Data collection is one of the most expensive processes during the conduct of clinical trials. Over the last decade the number of clinical trials and the size of trials have steadily increased [1]. Likewise, the number and complexity of case report forms (CRFs) capturing the data for trial subjects grew as well. From a hospital perspective, the use of electronic health record (EHR) systems and consequently the number of patients having at least a basic electronic medical record has experienced a significant and steady growth [2]. The transition from paper-based to electronic documentation has resulted in clinicians spending around 25–30% of their time on electronic documentation tasks [3, 4].

Recent research has shown that a certain amount of EHR data elements are available and suitable for different research purposes [59]. Nevertheless, it is important to note that the provenance, availability, degree of standardization and structure of the EHR data plays a major role in its re-use for clinical research purpose [1012].

Currently, the exchange of routinely collected data between EHR systems and clinical research databases is not fully automated and requires human intervention. This manual step is time-consuming, error-prone and also demotivating [5]. Transferring data electronically from an EHR source into an electronic data capture (EDC) system in a systematic, auditable and unambiguous manner provides several advantages, avoiding the detrimental effects of repeated data entry, decreasing documentation time and improved data quality and cost-effectiveness [5, 7, 13, 14].

On-site data monitoring is an expensive process for pharmaceutical companies as well. Monitors have to visit all sites to perform the so-called’Source Data Verification’ (SDV) by comparing source materials at the sites with data that has been entered into the trial database, e.g. an Electronic Data Capture (EDC) system. This tedious, time-consuming and expensive process might be optimized through a connection between EHR systems at the sites and the EDC system. If such a link is established and presumed data are validated, SDV could likely be reduced or even be eliminated. Time-consuming site visits would be reduced to a minimum and the monitors could focus on other aspects of the clinical trial conduct.

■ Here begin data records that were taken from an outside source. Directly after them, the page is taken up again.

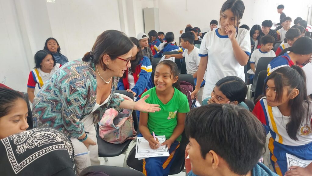 La actividad se llevó a cabo durante dos fechas consecutivas, con la finalidad de alcanzar a todo el alumnado de secundaria. La sesión estuvo a cargo de María Dolores Solo de Zaldívar Maldonado, licenciada en Psicología y voluntaria internacional del programa Estrechando Lazos 2025 de Taller de Solidaridad, proveniente de Mérida, España. Desde el inicio hasta el final, la especialista desarrolló la jornada de manera participativa y cercana, con el apoyo permanente de la psicóloga del proyecto, Magíster Olga Chonto Ojeda. Además, se contó con la presencia de María Fernanda Dioses, psicóloga de Pacasmayo, quien también acompañó esta importante actividad.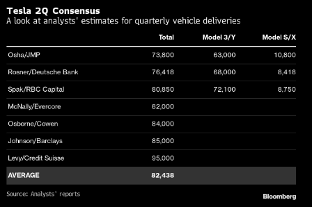 据彭博汇编的分析师预期,特斯拉上个季度可能交付了超过82,000辆汽车。一些分析师甚至估计交付量可能超过今年第一季度时的88,000多辆。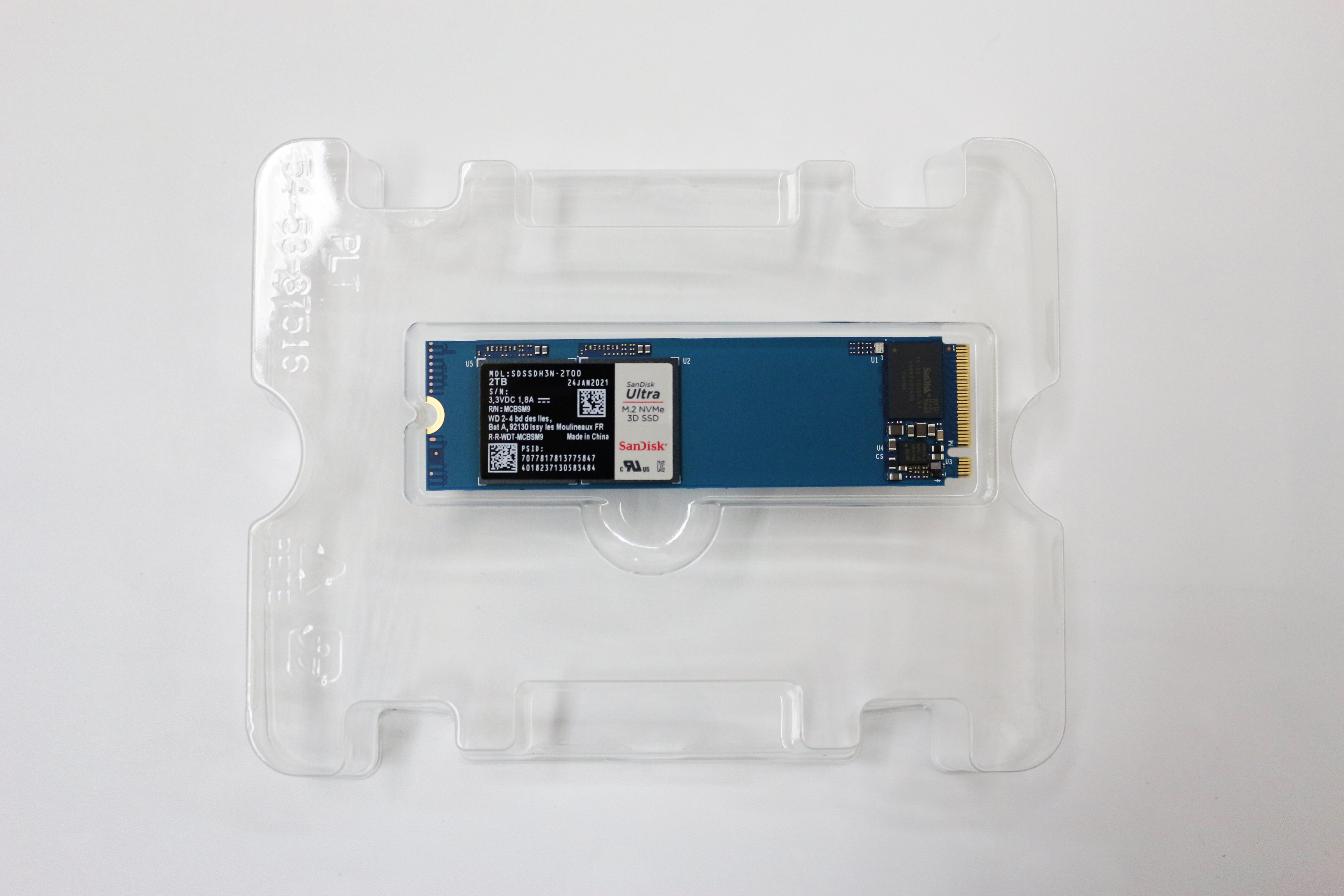 박스 전면입니다. 왼쪽에 SanDisk Ultra M.2 NVMe 3D SSD라는 제품명이 크게 표기되어 있습니다.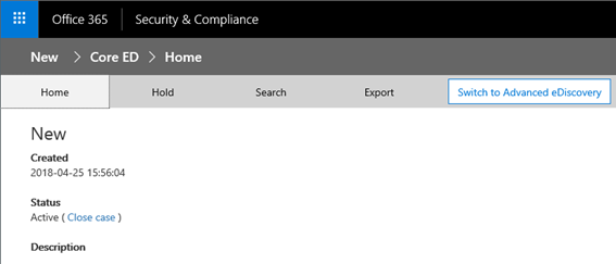 Any configuration related to putting content on hold, performing searches or exporting data is done in the “Core ED” UI, which looks very similar to the Content Searches UI we discussed in the previous sections. To access it, select a case and press the Open button next to its name. The “Core ED” UI has four tabs, as depicted on the screenshot below: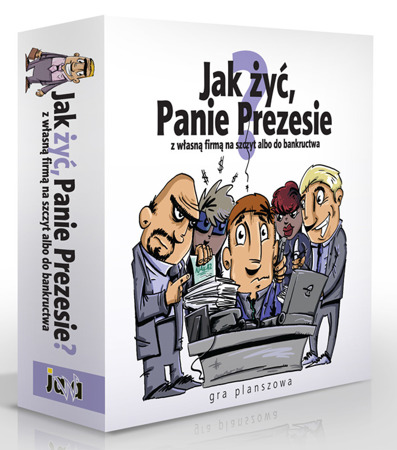 Jak żyć, Panie Prezesie ? : z własną firmą na szczyt albo do bankructwa. - Seria 2. - Nowa Iwiczna : Jawa, [2015]. - 1 gra (1 plansza, 7 kart postaci, 94 karty zdarzeń, 22 kart pracowników, 40 kart dóbr, 11 kart pożyczek, 40 kart okazji, 6 kart spółek, 1 kostka, 7 pionków, 7 podstawek do pionków, pieniądze) : karton, tektura, plastik, kolor ; w pudełku 25x25x6 cm + instrukcja (4 strony ; 22 cm).

The Electronic Health Records for Clinical Research (EHR4CR) project [15], which is funded by the Innovative Medicines Initiative (IMI) has investigated these potential incentives and benefits [16]. The project is a public-private-partnership consisting of 34 partners from European pharmaceutical industry and academic institutions. Clinical partners were from France, Germany, Poland, Switzerland, and the United Kingdom. The participating companies from the European Federation of Pharmaceutical Industries and Associations (EFPIA) were: AMGEN, AstraZeneca, Bayer Health Care, F. Hoffmann-La Roche Ltd, GlaxoSmithKline, Johnson & Johnson, Lilly, MERCK KGaA, Novartis Pharma AG and Sanofi-Aventis.

The project’s aim was to develop methods and a software platform as well as an accompanying business model to support clinical trials based on routinely collected data from EHR systems. Addressed scenarios included ‘protocol feasibility’, ‘patient identification and recruitment’, ‘clinical trial execution’ (CTE) and ‘serious adverse event reporting’ (SAE). Disease areas which the project focused on were diabetes, cardiovascular, infectious, oncology, neurology and respiratory diseases. In addition to establishing the benefits associated with the first two scenarios, the ‘business model’ workgroup also showed substantial potential savings in the scenario of ‘clinical trial execution’ [17].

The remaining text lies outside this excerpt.